Não se trata de um gosto apimentado de que somente um dos que se servirem pode provar. Se é matéria consumerista, não se pode usurpar a colher da mão do cozinheiro. Ainda mais quando a exigência da “existência e disponibilização do Livro de Reclamações em todos os estabelecimentos de fornecimento de bens ou prestação de serviços sujeitos ao Código de Defesa do Consumidor” fere a liberdade da atividade econômica sob os aspectos da adequação, necessidade e proporcionalidade, bastando consultar a maior enciclopédia de receitas, em seus arts. 24, caput, V, e parágrafo 2º, e 170, parágrafo único.

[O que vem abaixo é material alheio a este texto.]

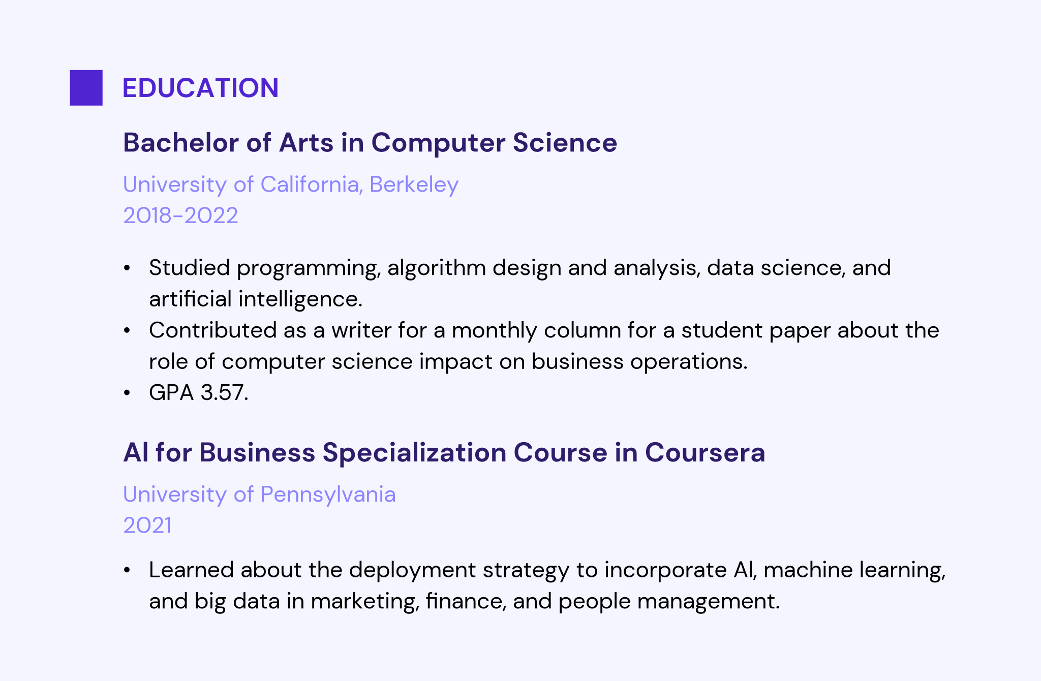 Take a look at the examples of an education section below and see which one is more suitable for an entry-level web developer resume template:

Não que o Cassoulet à la brasileira seja o prato dos sonhos. Seu preparo não é o ideal, nem o mais justo. Sua receita é mais humana que divina. Mas uma pitada de vinagre inconstitucional azeda toda a arte culinária!

Jurista, articulista e cronista jurídico. Pensador nas horas vagas.

7 comentários

  1. Salivei intensamente até encontrar o gosto ácido da comida. Saborei, contudo, mas um brilhante artigo, extremamente bem temperado. Brilliant!

  2. Vou por uma pimenta de discórdia. Se prestarem muita atenção ao sabor desse ingrediente desagregador, vão perceber que ele não muda o sabor do prato. O que me parece é que o tal sabor amargo é precipitação proposital do chef, preocupado com o risco dele perder o monopólio da receita. Claro que a técnica é dele, mas esse ingredientezinho, na verdade, não muda o sabor do prato e nem tira do chef o controle da cozinha.

    • Na verdade, não é a primeira vez que colocam a colher na mistura do chef. E ele precisa agir antes que o preparo desande e chegue ao ponto de cada ingrediente seguir para o lado que quiser, azedando o Brasil de vez!
      O cozinheiro tem meios de assim o fazer para o bem da constitucionalidade do prato.